:: Study material

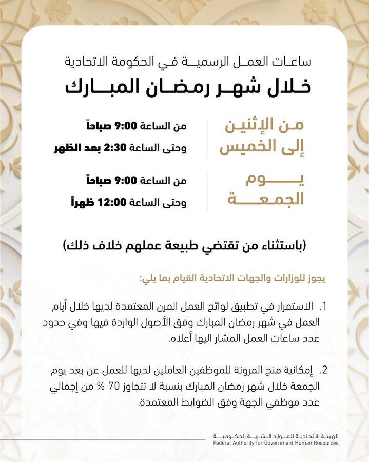 الهيئة الاتحادية للموارد البشرية الحكومية تعلن ساعات العمل الرسمية في الحكومة الاتحادية خلال شهر رمضان المبارك.
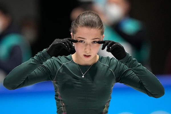 Kamila Valieva, of the Russian Olympic Committee, wipes her eyes during a training session at the 2022 Beijing Olympics, on Feb. 13.David J. Phillip/The Associated Press
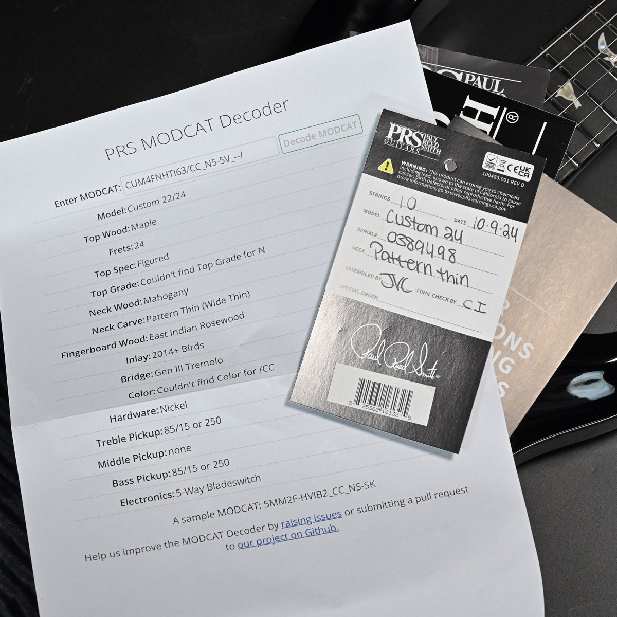 AccessoriesTremolo arm, simple general manual in English, PRS Mod Cat sticker, PRS Mod Cat data copy, Rectangle tag, HC key
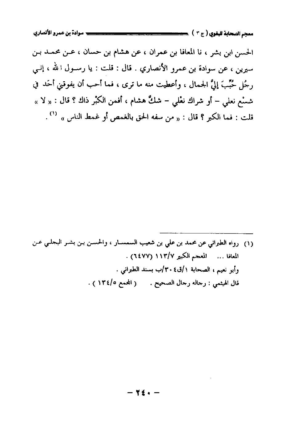 الحسن بن بشر نا المعافا بن عمران عن هشام بن حسان عن محمد بن سيرين عن سوادة بن عمرو الأنصاري قال: قلت: يارسول الله إني رجل حبب إلي الجمال وأعطيت منه ما ترى فما أحب أن يفوقني أحد في شسع نعلي - أو شراك نعلي - شك هشام أفمن الكبر ذاك؟ قال: " لا " قلت: فما الكبر؟ قال: " من سفه الحق بالغمص أو غمط الناس.
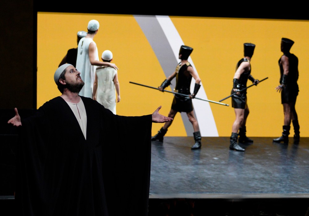 Com’era da aspettarsi è la direzione di Michele Mariotti il punto forte dello spettacolo. La cura per ogni dettaglio della partitura non inficia la visione d’insieme di un’opera che di per sé ha una certa frammentarietà. L’orchestra dell’opera di Lione risponde con precisione e gusto del colore alla bacchetta di Mariotti che concerta da par suo le voci nei tanti ensemble di un’opera povera di arie solistiche. Nel reparto femminile Jeanine de Bique è una sensibile Anaï mentre Vasilisa Beržanskaia nella parte di Sinaïde conferma le eccezionali doti rivelate un anno fa a Pesaro e Géraldine Chauvet è una empatica Marie. L’inossidabile Michele Pertusi fa del suo Moïse una figura memorabile utilizzando gli inevitabili segni dell’età del suo mezzo vocale per delineare con espressività il personaggio e Mert Süngü si cala con agio nella parte di Eliézer. Adrian Sâmpetrean è un autorevole ma tormentato Pharaon mentre in Aménophis, alla prima di Parigi Adolphe Nourrit, Pene Pati mostra qualche diffcicoltà in un ruolo di grande impegno vocale. La voce misteriosa e quella di Osiride appartengono al bel timbro di Edwin Crossley-Mercer. Alessandro Luciano è il truce Aufide. È anche dell’opera di Lione il coro efficacemente impegnato in pagine che prefigurano il Nabucco verdiano.
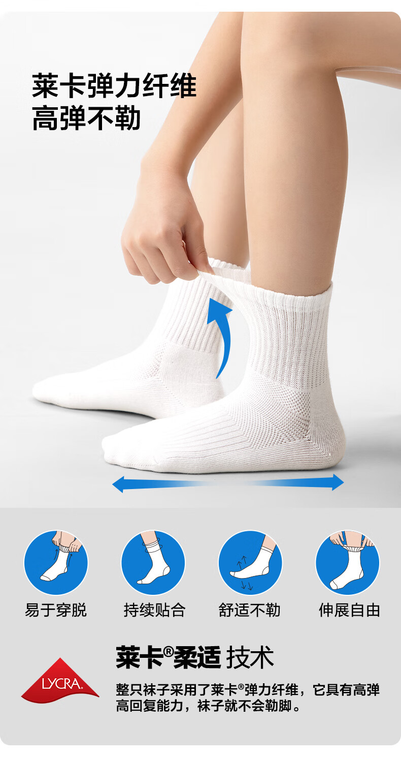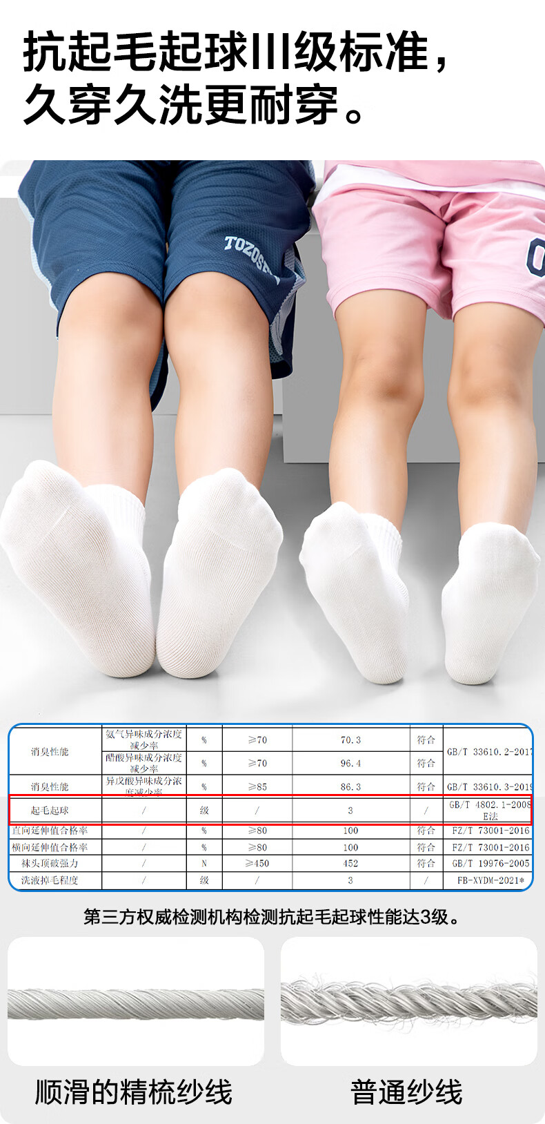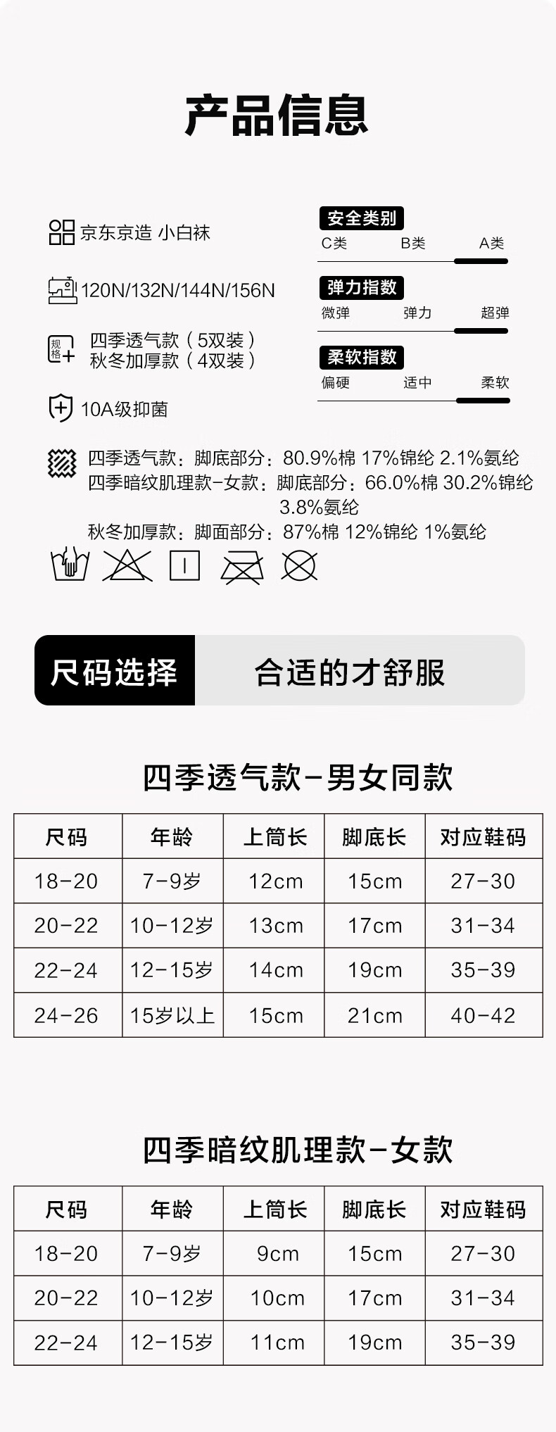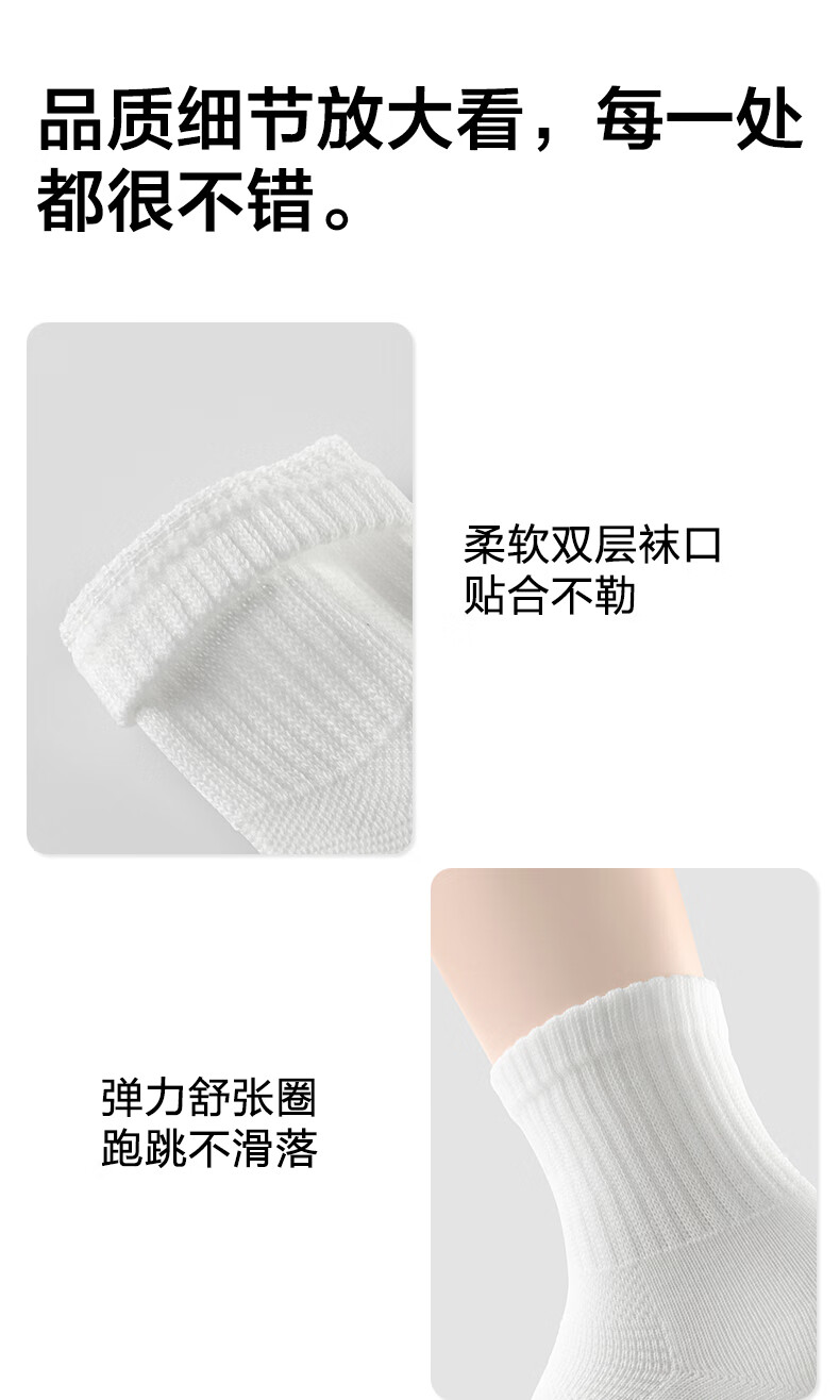 京东京造儿童春夏男童女童袜子中小学棉袜校园四季白袜5双22-24cm
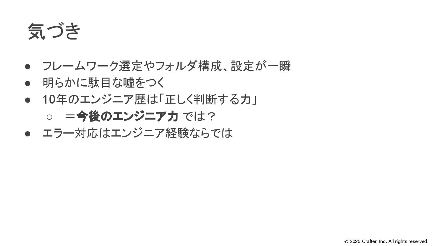 © 2025 Crafter, Inc. All rights reserved. 気づき • フレームワーク選定やフォルダ構成、設定が一瞬
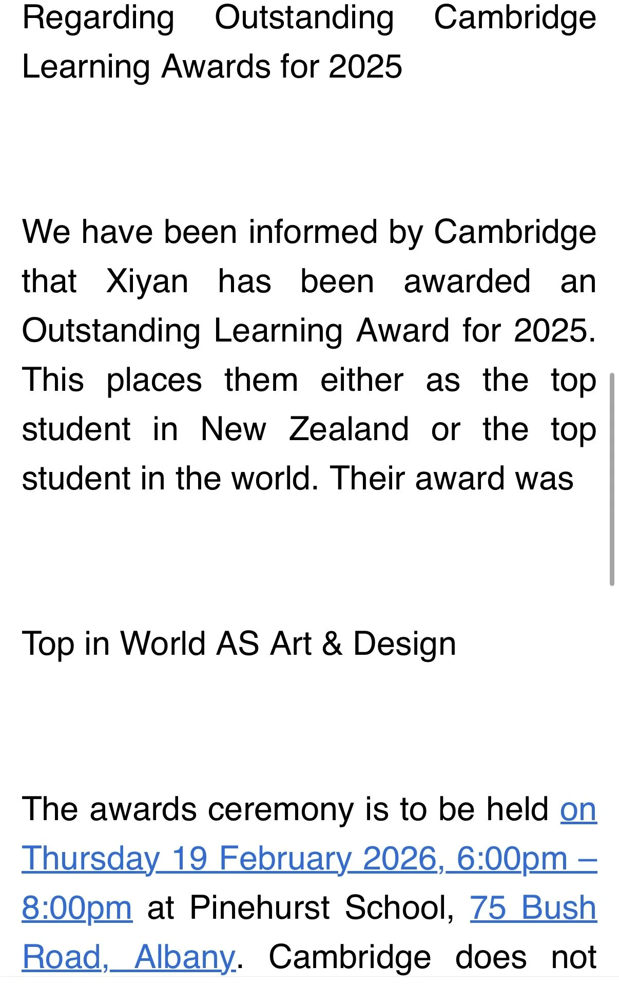 - Pat Hanly Creativity Awards / 新西兰高中生创意类学术奖
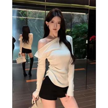 YF4221-(3色入内)欲女风露肩叠领褶折长袖套头弹力修身针织上衣
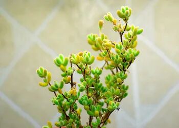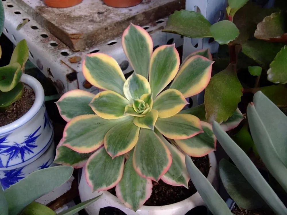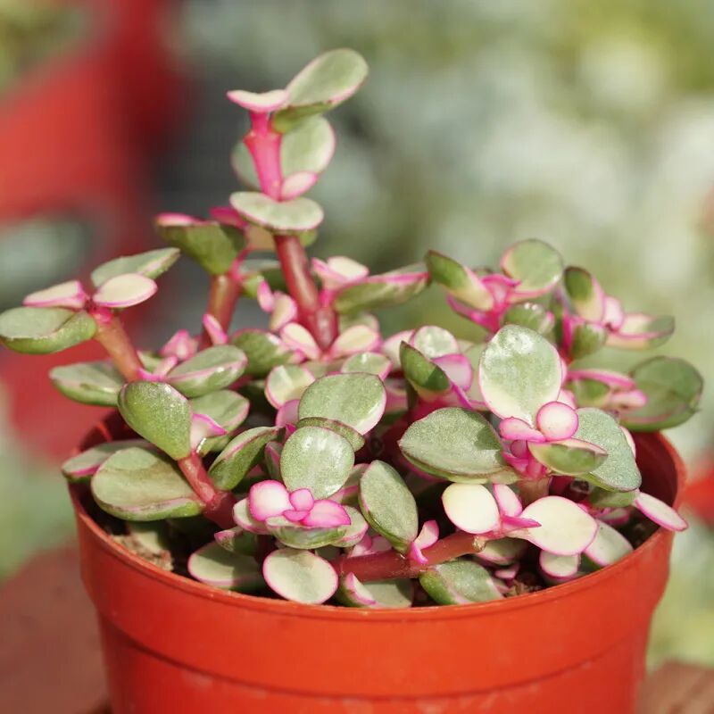 The leaves are obovate, mostly yellowish-white, only a small part of the center is light green, alternately opposite. The plants are shorter, the branches are thinner, and the fleshy stems are reddish brown (new stems) or off-white (old stems). The edges of the small flowers are pale pink.
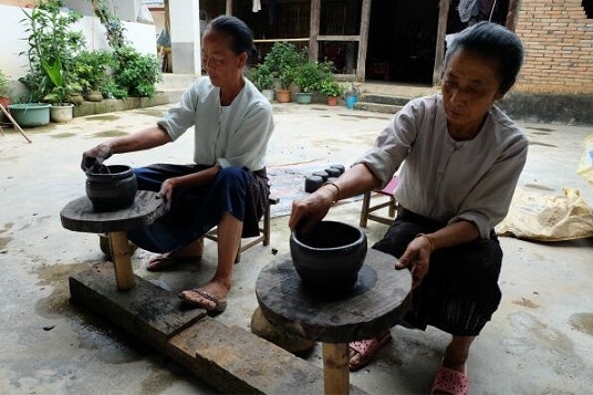 《傣族傳統制陶工藝》是國家級非物質文化遺產項目。因經過燒制后呈現出漂亮的淺赭紅色和米黃色,形成了獨特的色澤,古樸美觀。主要器型有罐、壺、鍋等,雖顯得粗拙,但卻具有厚重、自然的審美特質以及較強的藝術鑒賞價值和一定的開發利用價值。

::::

Write out the data precisely as given, excluding the pictures.

• _Written answer_:
 الهيئة الاتحادية للموارد البشرية الحكومية تعلن ساعات العمل الرسمية في الحكومة الاتحادية خلال شهر رمضان المبارك.
 Kamila Valieva, of the Russian Olympic Committee, wipes her eyes during a training session at the 2022 Beijing Olympics, on Feb. 13.David J. Phillip/The Associated Press
 AccessoriesTremolo arm, simple general manual in English, PRS Mod Cat sticker, PRS Mod Cat data copy, Rectangle tag, HC key
 الحسن بن بشر نا المعافا بن عمران عن هشام بن حسان عن محمد بن سيرين عن سوادة بن عمرو الأنصاري قال: قلت: يارسول الله إني رجل حبب إلي الجمال وأعطيت منه ما ترى فما أحب أن يفوقني أحد في شسع نعلي - أو شراك نعلي - شك هشام أفمن الكبر ذاك؟ قال: " لا " قلت: فما الكبر؟ قال: " من سفه الحق بالغمص أو غمط الناس.
 Com’era da aspettarsi è la direzione di Michele Mariotti il punto forte dello spettacolo. La cura per ogni dettaglio della partitura non inficia la visione d’insieme di un’opera che di per sé ha una certa frammentarietà. L’orchestra dell’opera di Lione risponde con precisione e gusto del colore alla bacchetta di Mariotti che concerta da par suo le voci nei tanti ensemble di un’opera povera di arie solistiche. Nel reparto femminile Jeanine de Bique è una sensibile Anaï mentre Vasilisa Beržanskaia nella parte di Sinaïde conferma le eccezionali doti rivelate un anno fa a Pesaro e Géraldine Chauvet è una empatica Marie. L’inossidabile Michele Pertusi fa del suo Moïse una figura memorabile utilizzando gli inevitabili segni dell’età del suo mezzo vocale per delineare con espressività il personaggio e Mert Süngü si cala con agio nella parte di Eliézer. Adrian Sâmpetrean è un autorevole ma tormentato Pharaon mentre in Aménophis, alla prima di Parigi Adolphe Nourrit, Pene Pati mostra qualche diffcicoltà in un ruolo di grande impegno vocale. La voce misteriosa e quella di Osiride appartengono al bel timbro di Edwin Crossley-Mercer. Alessandro Luciano è il truce Aufide. È anche dell’opera di Lione il coro efficacemente impegnato in pagine che prefigurano il Nabucco verdiano.
 京东京造儿童春夏男童女童袜子中小学棉袜校园四季白袜5双22-24cm
 © 2025 Crafter, Inc. All rights reserved. 気づき • フレームワーク選定やフォルダ構成、設定が一瞬
 - Pat Hanly Creativity Awards / 新西兰高中生创意类学术奖
 YF4221-(3色入内)欲女风露肩叠领褶折长袖套头弹力修身针织上衣
 The leaves are obovate, mostly yellowish-white, only a small part of the center is light green, alternately opposite. The plants are shorter, the branches are thinner, and the fleshy stems are reddish brown (new stems) or off-white (old stems). The edges of the small flowers are pale pink.
 《傣族傳統制陶工藝》是國家級非物質文化遺產項目。因經過燒制后呈現出漂亮的淺赭紅色和米黃色,形成了獨特的色澤,古樸美觀。主要器型有罐、壺、鍋等,雖顯得粗拙,但卻具有厚重、自然的審美特質以及較強的藝術鑒賞價值和一定的開發利用價值。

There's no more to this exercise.